EXERCISE: Only these lines, please: the first one of the records through the one containing "給湯器の配管を分岐し、ベラン", retyped exactly, both ends included and pictures omitted.

THE DATA:
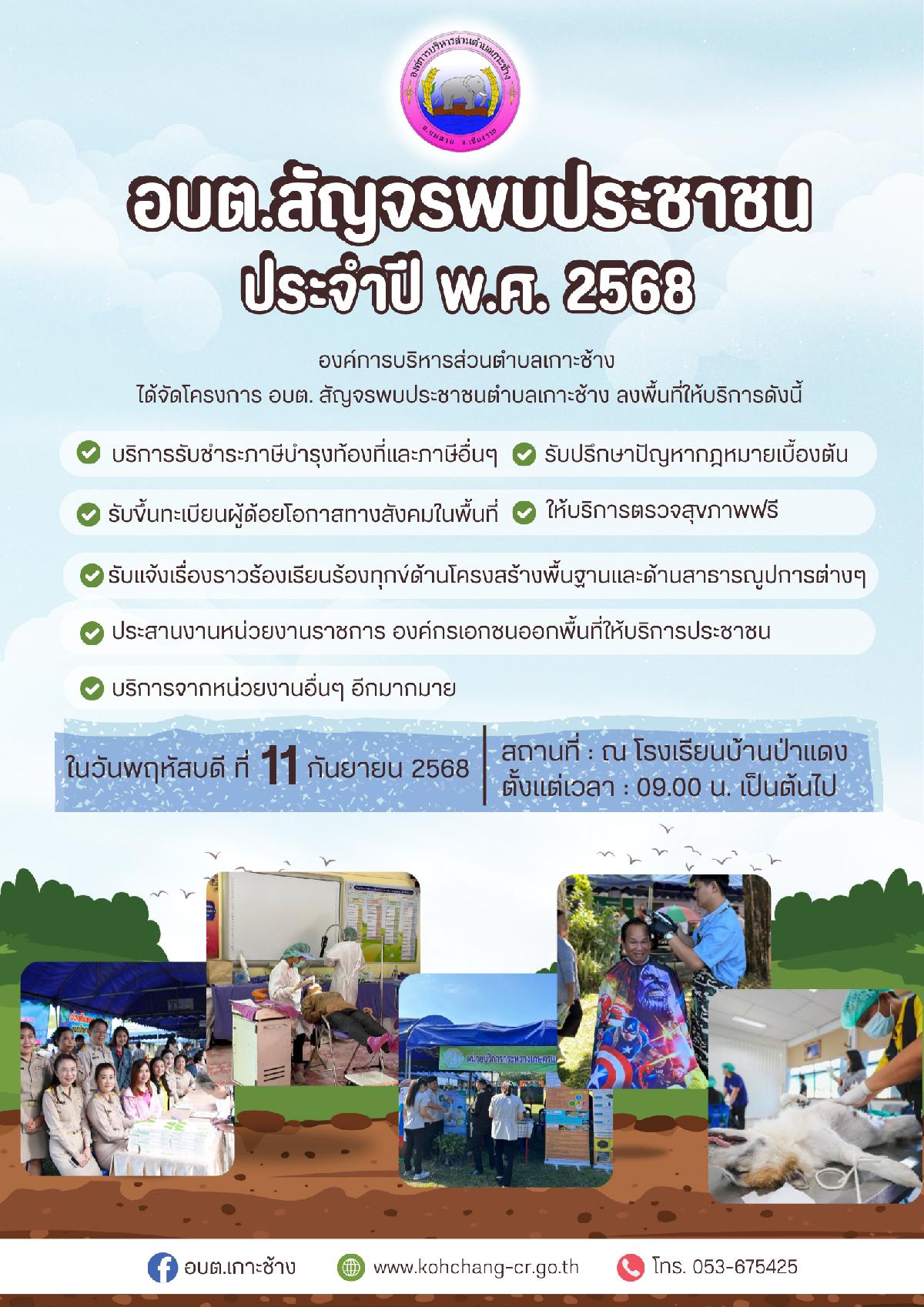 องค์การบริหารส่วนตำบลเกาะช้างได้จัดโครงการ อบต.สัญจรพบประชาชนตำบลเกาะช้าง ในวันพฤหัสบดี ที่ 11 กันยายน 2568 ตั้งแต่เวลา 09.00 น.เป็นต้นไป ณ โรงเรียนบ้านป่าแดง
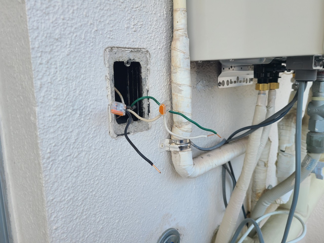 給湯器の配管を分岐し、ベランダの上部から浴室を通ってキッチンへお湯を供給します。
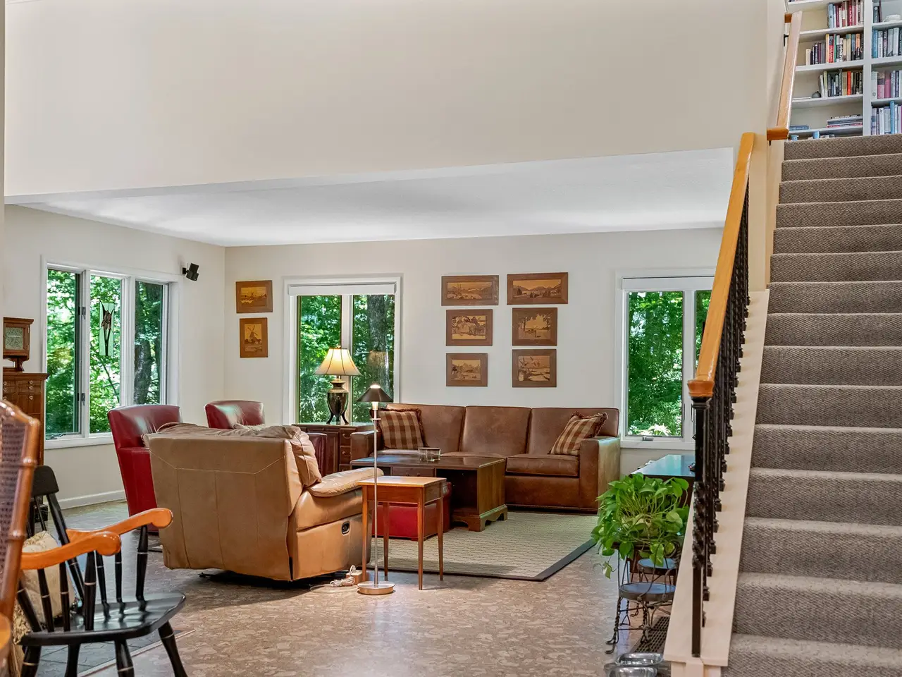 Sherwood Forest Lakefront. Spacious, stylish home that enjoys a natural setting. Architect designed addition and renovations made this home a treasure that matches all your dreams. A welcoming foyer with cherry built-ins opens to generous main level spaces. Great room with fireplace, family room has new cork floors and a kitchen with warm cherry cabinets and a servery pantry. Stainless appliances including gas cooktop and electric warming drawer. Primary bedroom with en-suite European style bath, 2 walk-in closets and a small outdoor patio. Laundry, guest room and bath complete the main level. Perched above the family room is a loft, great for office or bunks. Lower level has a craft room with a murphy bed and full bath. The prize of this home is the outdoor living space. A large screen porch with tiled floor and an expansive open deck let you enjoy the peace of the forest. Easy walk to the lakefront where your dock is the perfect place for kayak or canoe. Whole house generator. https://youriguide.com/140_grouse_ln_brevard_nc
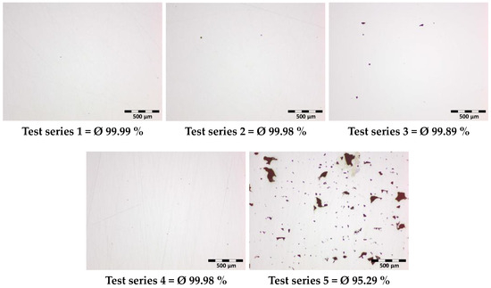 Figure 8. Micrographs for optical evaluation of the density of test series 1–5. The pictures represent one of the five measuring pictures that have been averaged for each series.
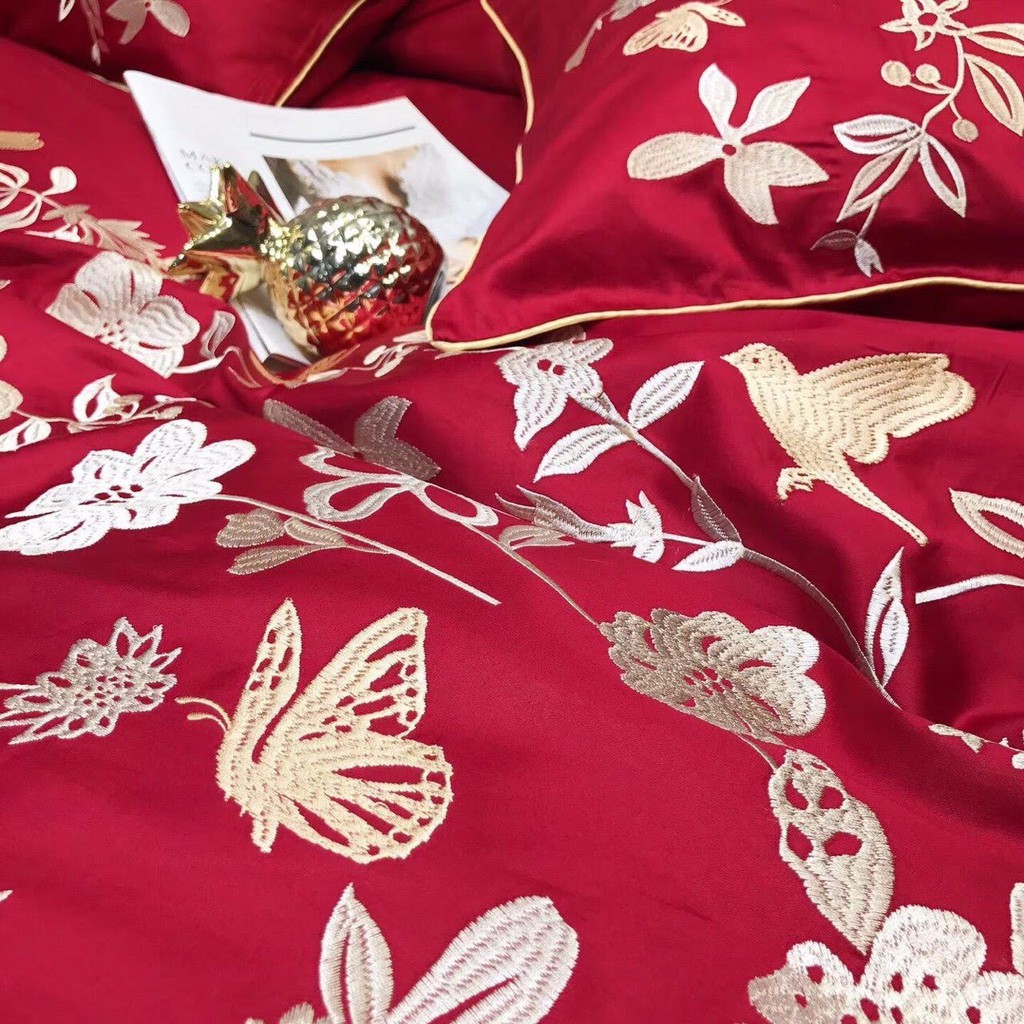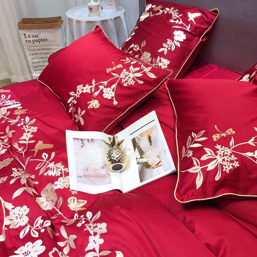 ️Bộ chăn ga gối cao cấp chất liệu cotton lụa cực sang trọng, là chất liệu tốt nhất trong các dòng chăn ga gối cưới, họa tiết thêu tinh tế làm nổi bật căn phòng của bạn. Màu sắc đa dạng nhiều sự lựa chọn dễ dàng phối hợp với nội thất phòng ngủ. Các bạn lưu ý là set vỏ không kèm ruột, là dòng chăn ga hiện đại, không trần bông sẵn như dòng chăn ga cưới Việt Nam sản xuất. Sản phẩm có thể đặt trần bông thêm ga và chăn (+150k mỗi món). Chất liệu vải cotton pha lụa, mật độ sợi dệt dày nên bề mặt bóng nhẹ, không xù, vải có độ dày vừa phải, mướt tay, trơn mịn nhưng vẫn đảm bảo độ thoáng, thấm hút mồ hôi tốt. Là sản phẩm dòng cao cấp, bộ chăn ga gối sang trọng tinh tế phù hợp trang trí phòng cưới hoặc làm quà tặng tân gia, quà tặng cưới hỏi. Bộ chăn ga gối cao cấp có tông màu đỏ nổi bật rất phù hợp làm ga cưới. Sản phẩm y hình, nguyên bộ đóng hộp gọn gàng rồi nên shop không bỏ ra chụp lại nữa. Nếu cần ảnh cận mặt vải các bạn nhắn tin shop gửi nhé, các bộ cao cấp chất vải đều tương tự nhau chênh lệch chút ít không đáng kể. Bộ chăn ga gối cao cấp bao gồm 6 món: - 1 ga phủ/ chun (shop mặc định làm ga phủ nên bạn nào muốn làm ga chun vui lòng inbox shop nhé) - 1 vỏ chăn mỏng lồng được ruột 2m x 2m2 - 2 vỏ gối 50cm x 70cm - 2 vỏ gối tựa kích thước 50cm x 50cm - nếu có vỏ gối ôm shop sẽ tự tặng thêm các bạn nhé #bochangagoi #changagoi #bochangagoicaocap #caocap #bochangacaocao #changacaocap #changacuoi #bogagoicaocap

TASK SOLUTION:
 องค์การบริหารส่วนตำบลเกาะช้างได้จัดโครงการ อบต.สัญจรพบประชาชนตำบลเกาะช้าง ในวันพฤหัสบดี ที่ 11 กันยายน 2568 ตั้งแต่เวลา 09.00 น.เป็นต้นไป ณ โรงเรียนบ้านป่าแดง
 給湯器の配管を分岐し、ベランダの上部から浴室を通ってキッチンへお湯を供給します。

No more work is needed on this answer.